Palmer moved from Mac-

edonia more than 20 years ago. She said winters in Macedonia, a landlocked country on the Balkan peninsula in southeastern Europe, are very similar to Steamboat Springs.

"Winters are harsh, cold and wet," she said.

The girls who received the coats live in three remote villages in Eastern Macedonia. The coats allow the girls to attend education classes provided through a nonprofit organization called INFOBUS.

INFOBUS is a mobile education service designed to reach disadvantaged communities.

"Without the coats and boots, the girls were walking three or four miles to get to the classes" she said. "In Muslim communities, girls are less exposed to education. They often don't go. It is very difficult for them."
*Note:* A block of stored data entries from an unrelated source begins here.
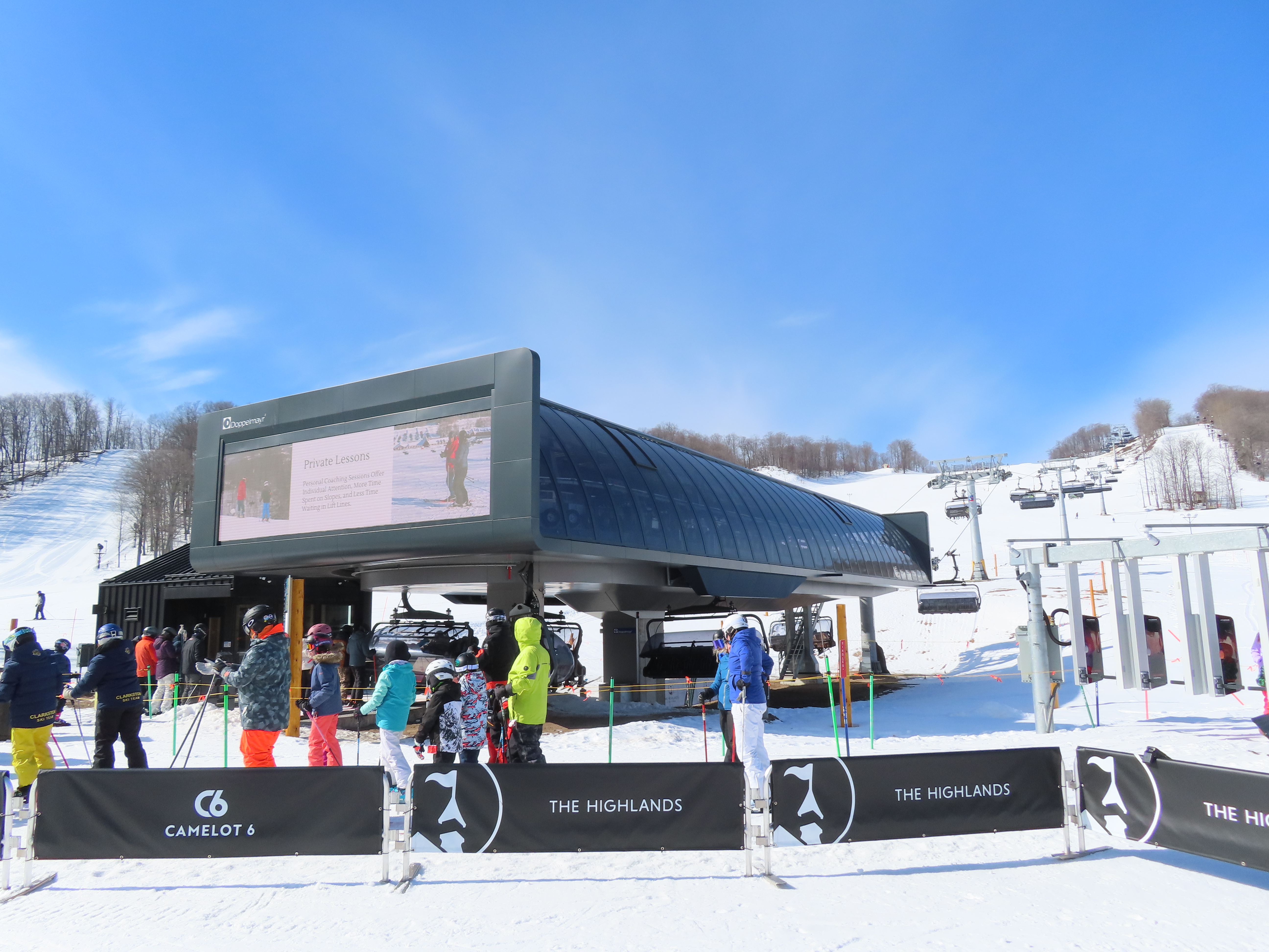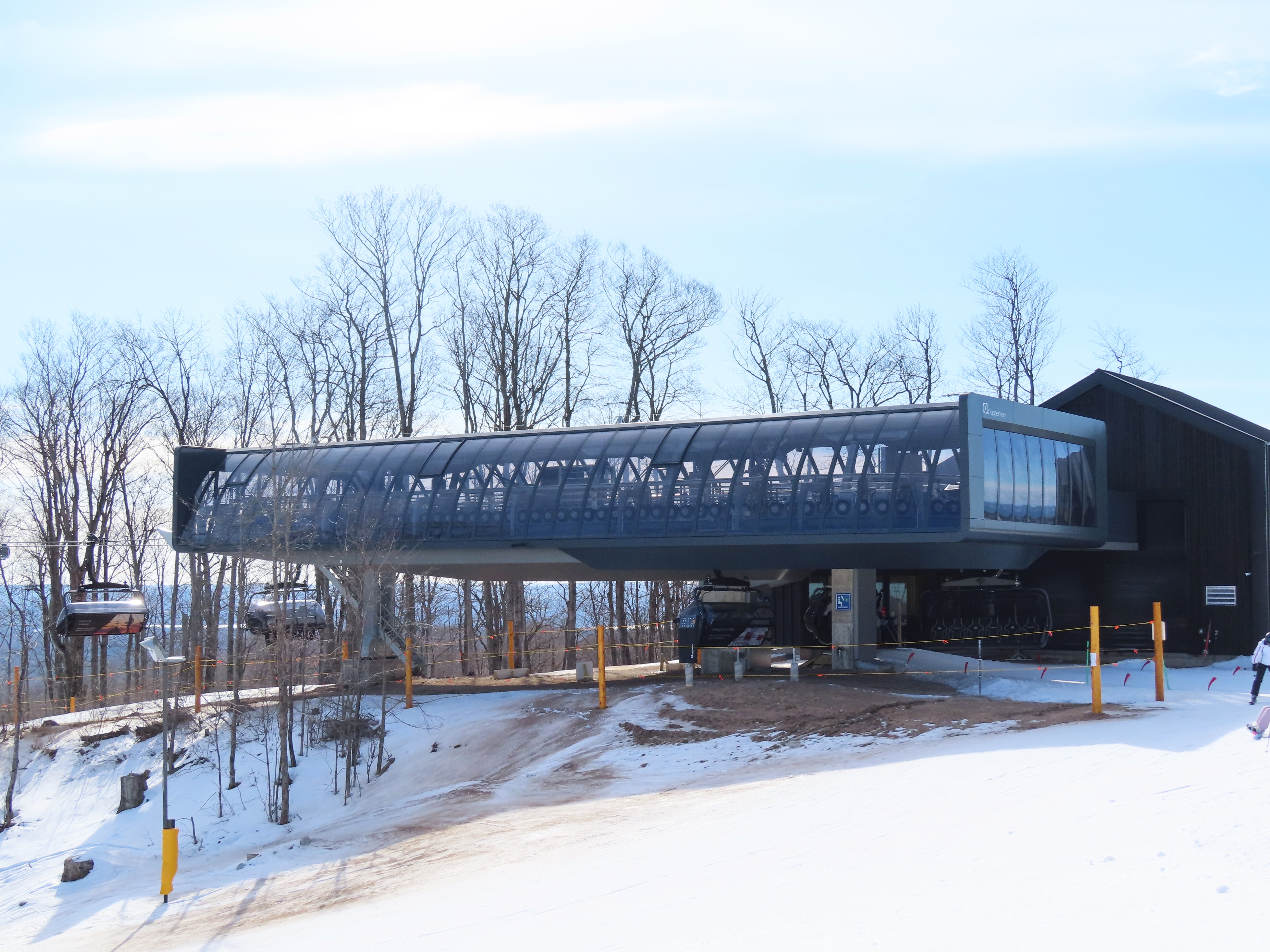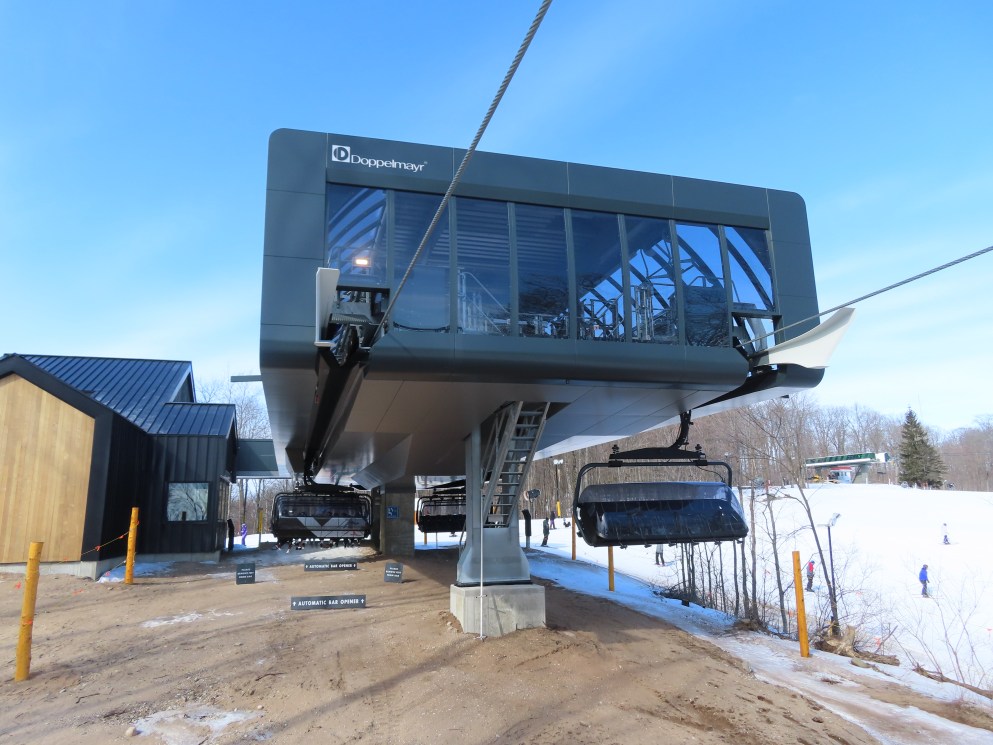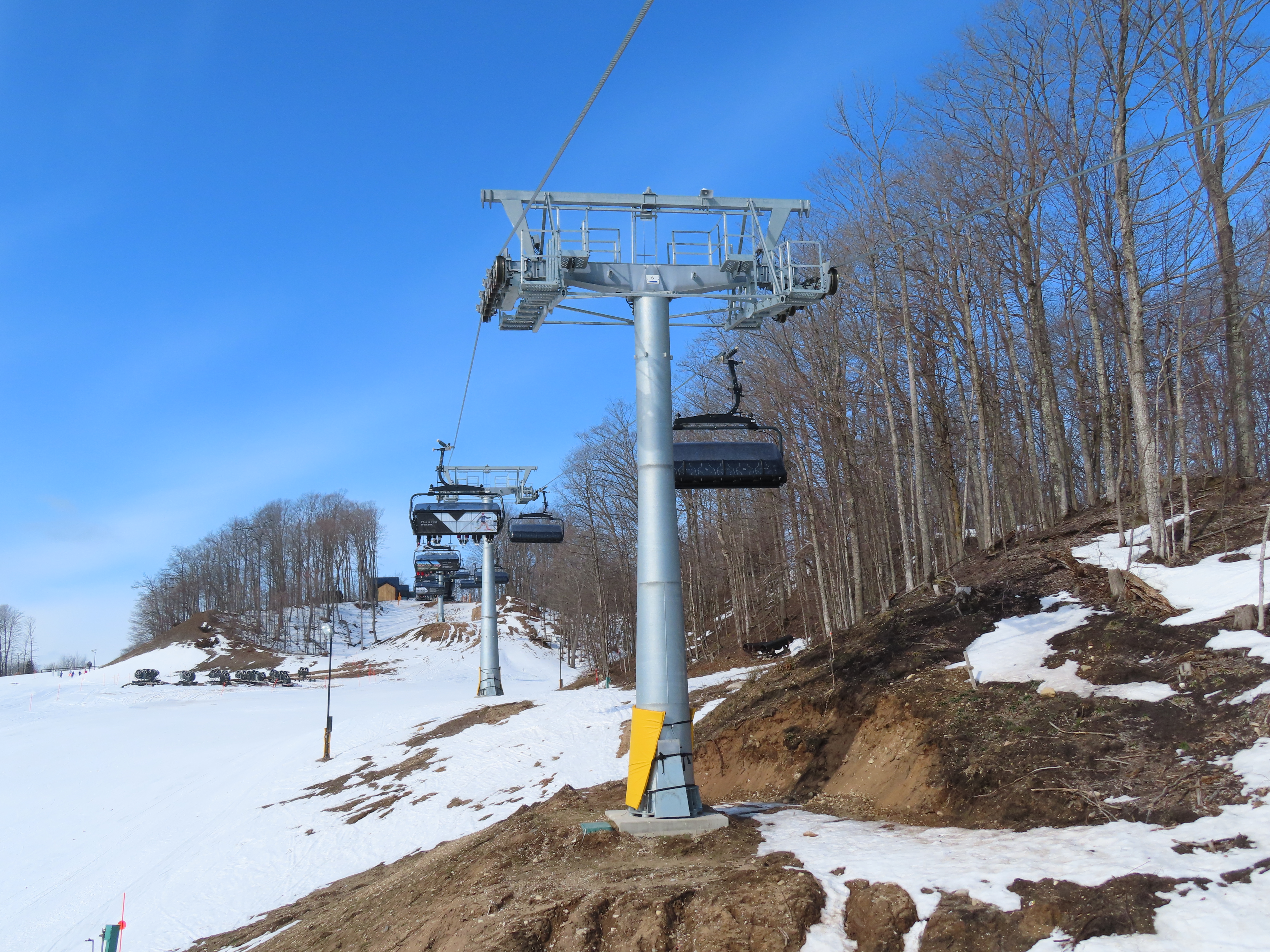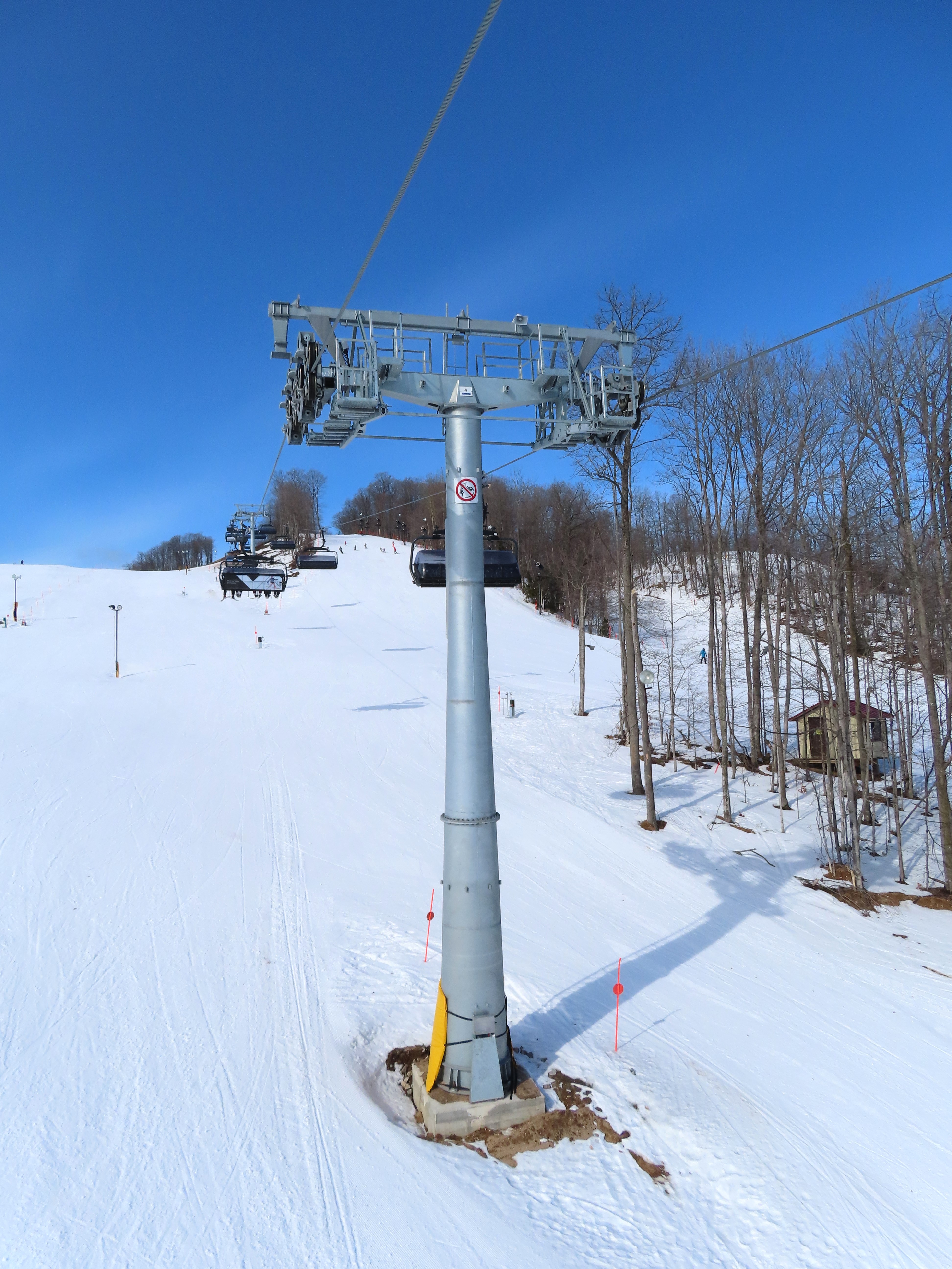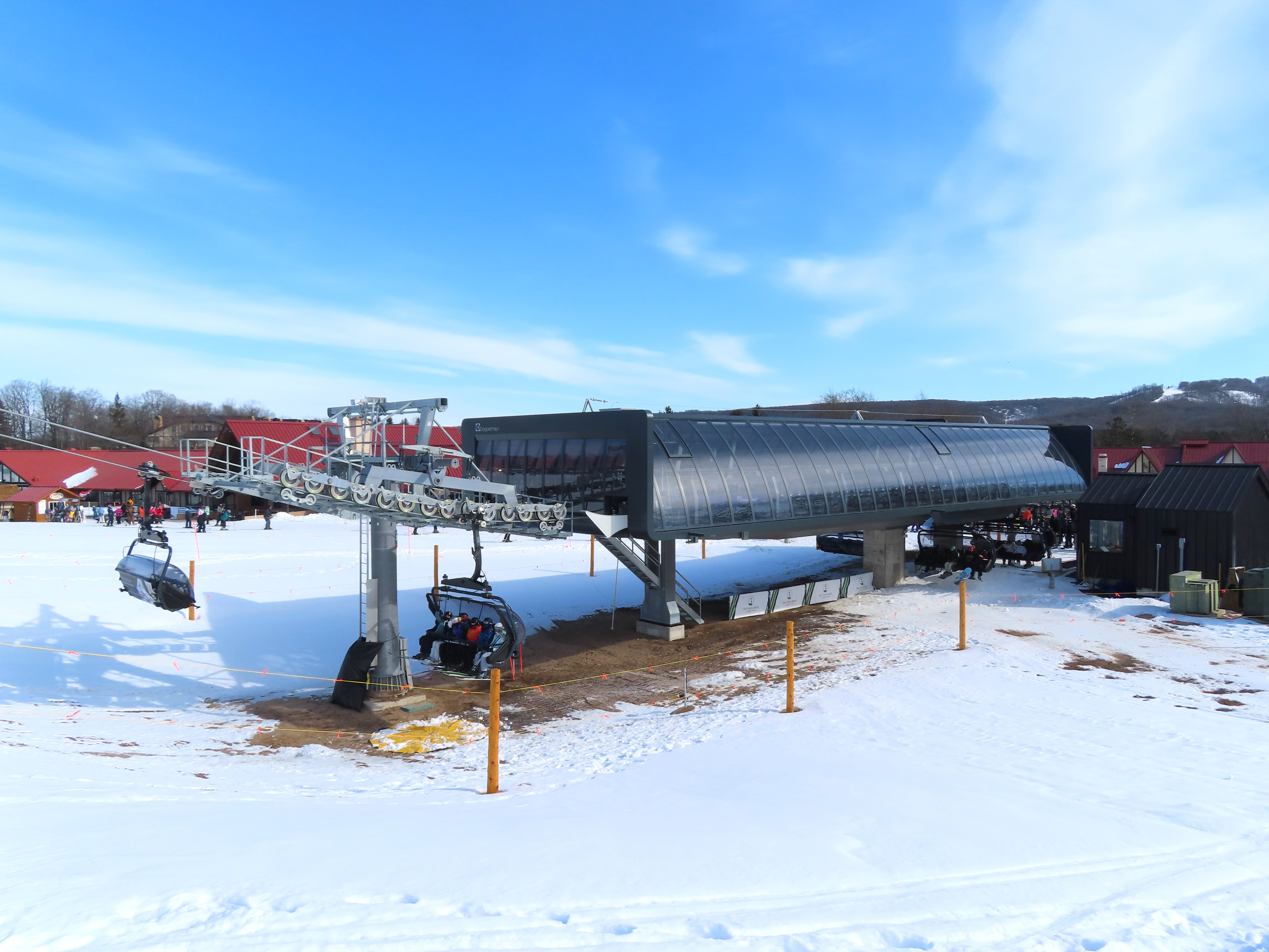 This Doppelmayr six place replaced three Riblet chairlifts on the south side of The Highlands in 2023.Extremely long bottom terminal for chair parking and bubble opening/closing.Turnaround at the bottom terminal.Six place chair with heated seats.Doppelmayr name plate.The back of a chair at the unload.Upper station with attached maintenance building.Drive terminal up top.The lower part of the lift line is a golf course in the summer season.Tower 3.Lower station and tower 1.Chair acceleration zone.Loading conveyor with gates.In-terminal LED screen.View riding up the line.Tower 4.T5.Nearing the summit.Arriving at the summit, which is near the older Heather Express.Unloading area with auto raising restraint bar.View from the top.Side view of the upper station.View down at tower 7.Work chair.Side view of a support tower.Large combination assemblies.Middle section of the lift line.T2.Lift overview.View up at tower 2.Closed bubble chair.View back down the line.Tower 9.Upper station turnaround.Another view of the upper lift line.Looking down the line.Upper station overview.
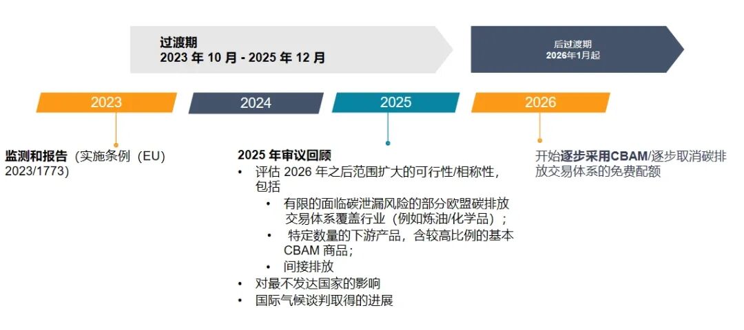 过渡期:2023年10月1日至2025年底,企业需报告碳排放量,但无需支付碳关税。
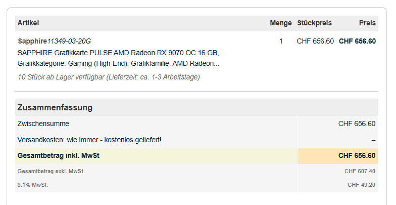 Kann man irgendwie nach Österreich oder Deutschland bestellen bei dem Shop? Foletti Computer StoreCaptain Mumpitz schrieb:In der Schweiz sind mittlerweile auch einzelne Modelle erhältlich. Hab soeben eine 9070 Pulse bestellt, sollte nächste Woche eintreffen.
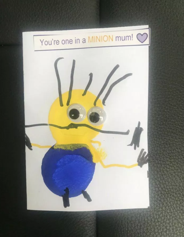 Ella lost her mother, Jennifer, because of cancer and she misses her so much that she sent her a letter. She sent an adorable popped up mum in a minion card for her mother.
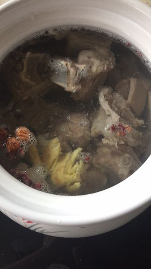 棒子骨炒血水一次,捞起放入砂锅,加水,炖15分钟以上
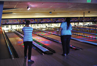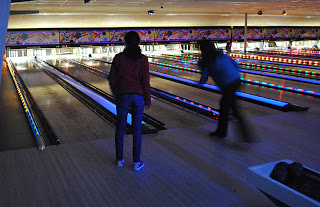 On our way out my 13-year-old noticed the “regular” bowling alley with its traditional lighting.
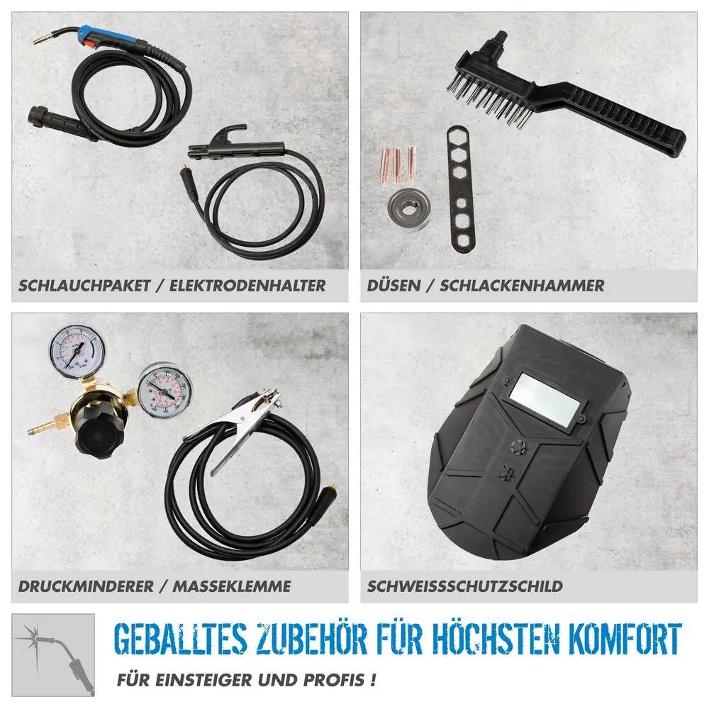 Mit dem Uni-Mig 205 SYN lassen sich praktisch alle vier Schweißverfahren mit einem Gerät durchführen. MIG-MAG, MMA (Elektrodenschweißen), Flux (Fülldrahtschweißen) sowie optional WIG-Schweißen. IGBT unterstützte Inverter-Technology sorgt für extrem schnelle Schaltprozesse und präziser Schweißstrom-Regulierung. Letzteres vereinfacht Schweißen von dünneren Blechen und reduziert die Schweißperlenbildung signifikant. Zusatzeigenschaften wie Anti-Stick, Hot Start und Arc Force, sorgen für maximalen Schweißkomfort, selbst unter schwierigen Bedingungen. Das Güde Universalschweissgerät Uni-Mig 205 SYN verfügt über einen synergic-geregelte Drahtvorschub. Die Software stellt sich nach Auswahl von Schweißverfahren, Drahtstärke sowie Schweißstärke automatisch auf die entsprechende Geschwindigkeit ein. Vor allem Einsteigern ermöglichen die Zusatzfunktionen sofort top Schweißergebnisse. Das Uni-Mig 205 SYN von Güde punktet mit einem üppigen Zubehörangebot. Elektrodenhalter, Masseklemme, sowie das Schweißschild sind serienmäßig im Lieferumfang enthalten. Gleiches gilt für den MIG-MAG-Brenner und den Druckregler. Der ebenfalls im Lieferumfang enthaltene Schweißwagen sorgt für Ordnung und größtmögliche Mobilität. Er rundet das All-in-one Set ab. So kannst du direkt durchstarten. Egal ob Profi oder Schweißer-Neuling.
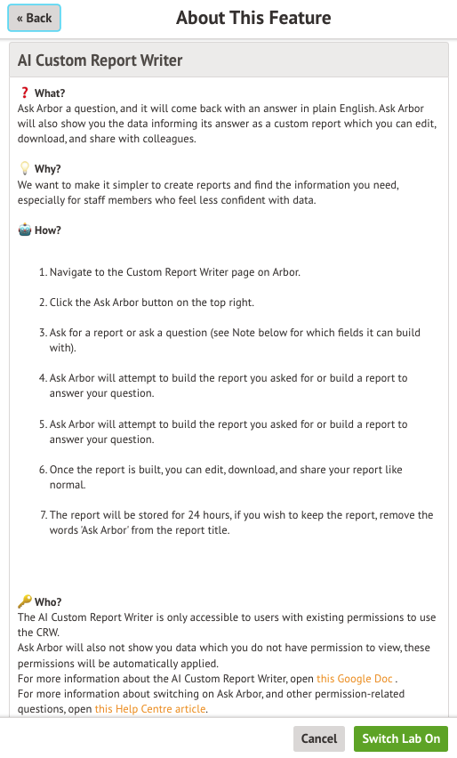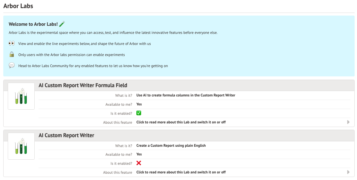 All features in Arbor Labs are in experimental mode; some will become full features in Arbor MIS, some will change following your feedback, and some will be retired. Once you’ve enabled a feature in Arbor Labs, head over to one of the Arbor Lab spaces in the Arbor HQ Community to let us know how you're getting on.

The Macedonian Coats 4 Education Project is the first international project the Steamboat Kiwanis Club has undertaken, Palmer said.

Steamboat Springs Rotary Club also has sent computers, books and donated clothing to Macedonia, Palmer said.

Palmer said she is eager to send more items to Macedonia, but shipping costs can be prohibitive. That's why the Kiwanis Club chose to send money to Macedonia to purchase coats.

Johanna Russell, Kiwanis Club secretary, said the club was eager to help Palmer with her proposal.

"She brought her idea to us and we thought it sounded like a great project," she said.